In November 2008, she was appointed Minister of Housing, Construction and Sanitation, succeeding fellow party member Enrique Cornejo. She became the first woman to hold the position. During her brief tenure, a great impulse was given to the construction of social interest housing, the titling of urban and rural properties; the fulfillment of the "Water for All" Program, and "Improvement of Neighborhoods and Villages" projects; the "My Lot" program and the Rural Housing Bonus were approved, and the Home User Ombudsman is created. She joined the PROINVERSIÓN board in her capacity as Minister.

In June 2009, she was switched to the Minister of Women and Social Development upon the resignation of Carmen Vildoso. During her tenure, she took initiative in promoting public policies that improved equality of opportunities and family. During her management, the “Gratitude” program was created, aimed at those over 75 years of age, and the free delivery of 5 million identity documents - DNI, to children under 14 years of age in agreement with the National Registry of Identification and Civil Status (RENIEC). She resigned in September 2010 in order to run for congressional reelection at the 2011 general election, although she was not reelected.

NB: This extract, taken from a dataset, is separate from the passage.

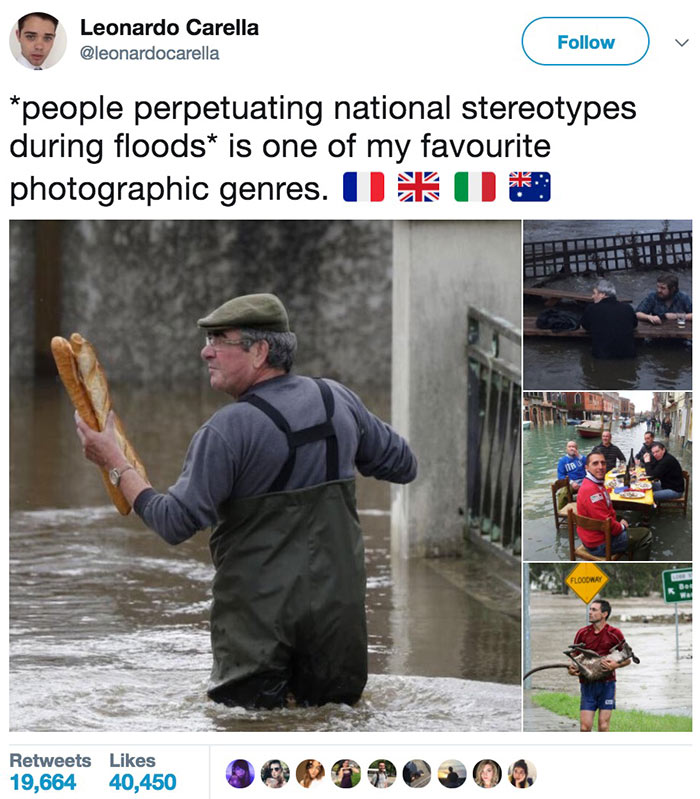 只有在最危险的时刻才能看出一个人真正的性格,有网友总结了各国人民在发洪水时的举动,不得不说,有时候刻板印象还是很有道理的。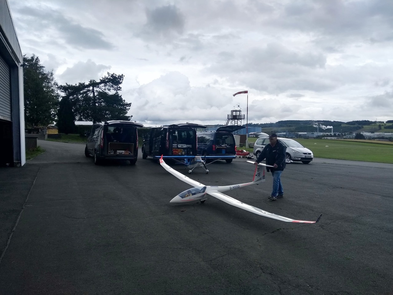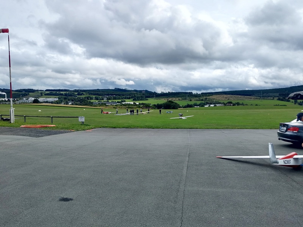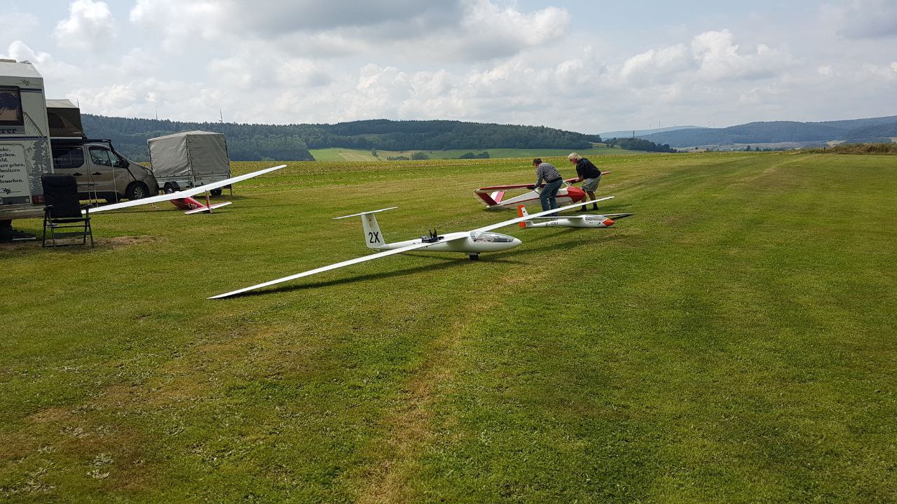 Vom 28.07.-30.07. waren wir wieder Gast auf dem Sportflugplatz im Wittgensteiner Schameder. Einige Piloten, darunter auch die IGG-Team-Mitglieder Knut und Bernd waren schon Donnerstag den 27.07. angereist. Wegen Dauerregen war aber an diesem Tag nicht an Fliegen zu denken. Auch für Freitag war schlechtes Regenwetter voraus gesagt. Aber die Meteorologen hatten sich geirrt. Am Freitag konnte ab 11:00 Uhr geflogen werden.

In 2014, she ran for Governor of Junín, placing second. At the 2016 general election, she ran with the Popular Alliance congressional list for Junín. Although she earned a high number of votes, the party only attained 5 seats nationally, and was not elected.

At the 2020 snap parliamentary election, Vílchez ran for a fourth time for a seat in Congress, but switching her constituency to Lima. Upon the release of the first projections, the Peruvian Aprista Party failed to pass the electoral threshold for congressional representation, although she earned a high number of votes individually, trailing behind Mauricio Mulder.

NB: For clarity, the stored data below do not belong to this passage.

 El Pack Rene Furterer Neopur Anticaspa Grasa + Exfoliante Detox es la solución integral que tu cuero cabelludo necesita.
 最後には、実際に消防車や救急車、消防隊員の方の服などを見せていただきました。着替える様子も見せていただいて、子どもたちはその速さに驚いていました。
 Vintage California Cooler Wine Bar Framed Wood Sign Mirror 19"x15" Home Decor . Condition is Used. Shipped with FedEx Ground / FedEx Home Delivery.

Vílchez remained active in the Peruvian Aprista Party executive committee as a former minister of Alan García second presidency.

===2021 presidential election===
In the aftermath of the suicide of Alan García, the Peruvian Aprista Party seemed leaderless by the pundits. In addition, the 2020 parliamentary election proved a major blow for the party as for the first time in almost 60 years did not have congressional representation, obtaining 2.7% of the popular vote. Entering a renovation cycle, the party leadership announced their participation in the 2021 general election with no planned alliances. Vílchez was immediately among the potential candidates for the presidential nomination, mainly due to her positive government experience as cabinet minister.

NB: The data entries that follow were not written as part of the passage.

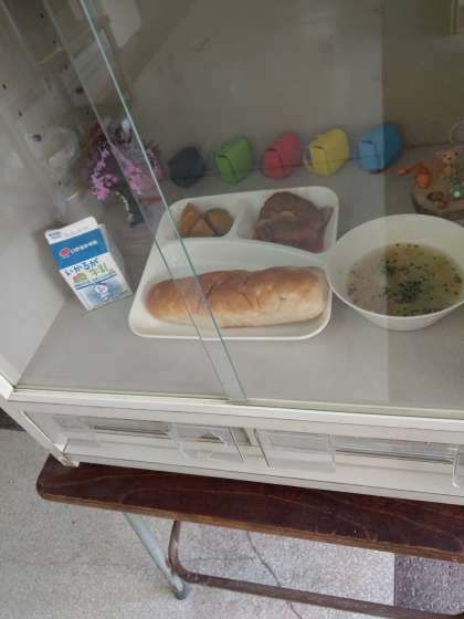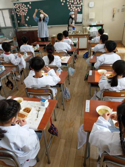 1年生は初めての給食、今日のメインは煮込みハンバーグです。会話を控えた給食でしたが、どの子もみんなおいしそうに、ほおばっていました。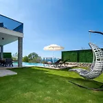 As vistas para o jardim podem ser apreciadas desta vila. As casas de banho também incluem banheira de hidromassagem.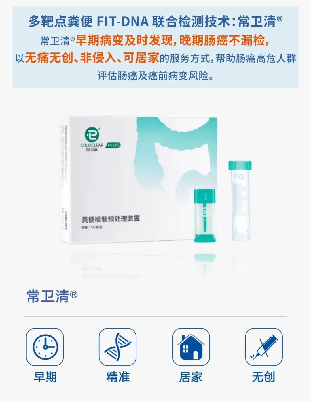 为此爱康集团引入了多靶点粪便FIT-DNA联合检测技术常卫清®,居家检测,无创无痛,方便快捷。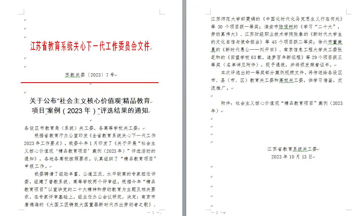 近日,由江苏省教育系统关工委组织开展的“社会主义核心价值观‘精品教育项目’案例(2023年)”评选活动落下帷幕。本次比赛共有来自普教系统和高等学校100多部作品参赛,水果派 陈明选教授讲授的《延安精神的内涵与时代价值》荣获一等奖。陈明选教授的精品教育项目课程内容,立足新时代思想政治教育,以深入浅出的党性胸怀,播撒炽热而闪耀的新旧时代交际的火种,从延安时期的辉煌业绩、延安精神的内涵特征、延安精神的产生条...

Vílchez filed her candidacy ticket on 27 October 2020 by announcing former deputy minister of Social Development, Iván Hidalgo, and former congresswoman Olga Cribilleros, as running-mates. Challenged by newcomer chemist and writer Rafael Zevallos and former congressional candidate Juan Carlos Sánchez, Vílchez managed to secure the nomination before the primary election held on 29 November 2020. She withdrew from the race on 16 January 2021.